The gender annotator doesn't add the information to the text output but you can still access it through code as shown in the following snippet:

Properties props = new Properties();
props.setProperty("annotators", "tokenize,ssplit,pos,parse,gender");

StanfordCoreNLP pipeline = new StanfordCoreNLP(props);

Annotation document = new Annotation("Annie goes to school");

pipeline.annotate(document);

for (CoreMap sentence : document.get(CoreAnnotations.SentencesAnnotation.class)) {
  for (CoreLabel token : sentence.get(CoreAnnotations.TokensAnnotation.class)) {
    System.out.print(token.value());
    System.out.print(", Gender: ");
    System.out.println(token.get(MachineReadingAnnotations.GenderAnnotation.class));
  }
}

Output:

Annie, Gender: FEMALE
goes, Gender: null
to, Gender: null
school, Gender: null

If your named entity recognizer outputs PERSON for a token, you might use (or build if you don't have one) a gender classifier based on first names. As an example, see the Gender Identification section from the NLTK library tutorial pages. They use the following features:

• Last letter of name.
• First letter of name.
• Length of name (number of characters).
• Character unigram presence (boolean whether a character is in the name).

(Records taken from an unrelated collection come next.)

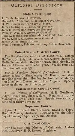 ![]() Andrés Pico and Hilliard P. Dorsey ran the U.S. land office in southern California in 1857 | |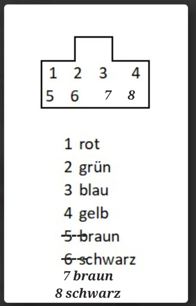 An das Kabel kommt an der Seite zum Radio ein Rasterstecker mit Krimpkontakten, 4 x 2 Abstand der Kontakte 2,54 mm aus der Bucht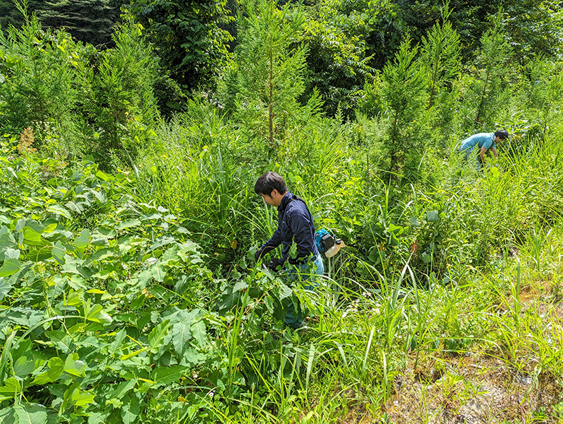 無花粉スギの苗木「立山森の輝き」を植樹して以来、苗木が大きくなるまで毎年下草刈りを行っています。

Though, I have a hunch that using character n-gram frequency---possibly up to character trigrams---will give you pretty good results.

There are a lot of approaches and one of them is outlined in nltk cookbook.

Basically you build a classifier that extract some features (first, last letter, first two, last two letters and so on) from a name and have a prediction based on these features.

import nltk
import random

def extract_features(name):
    name = name.lower()
    return {
        'last_char': name[-1],
        'last_two': name[-2:],
        'last_three': name[-3:],
        'first': name[0],
        'first2': name[:1]
    }

f_names = nltk.corpus.names.words('female.txt')
m_names = nltk.corpus.names.words('male.txt')

all_names = [(i, 'm') for i in m_names] + [(i, 'f') for i in f_names]
random.shuffle(all_names)

test_set = all_names[500:]
train_set= all_names[:500]

test_set_feat = [(extract_features(n), g) for n, g in test_set]
train_set_feat= [(extract_features(n), g) for n, g in train_set]

classifier = nltk.NaiveBayesClassifier.train(train_set_feat)

print nltk.classify.accuracy(classifier, test_set_feat)

This basic test gives you approximately 77% of accuracy.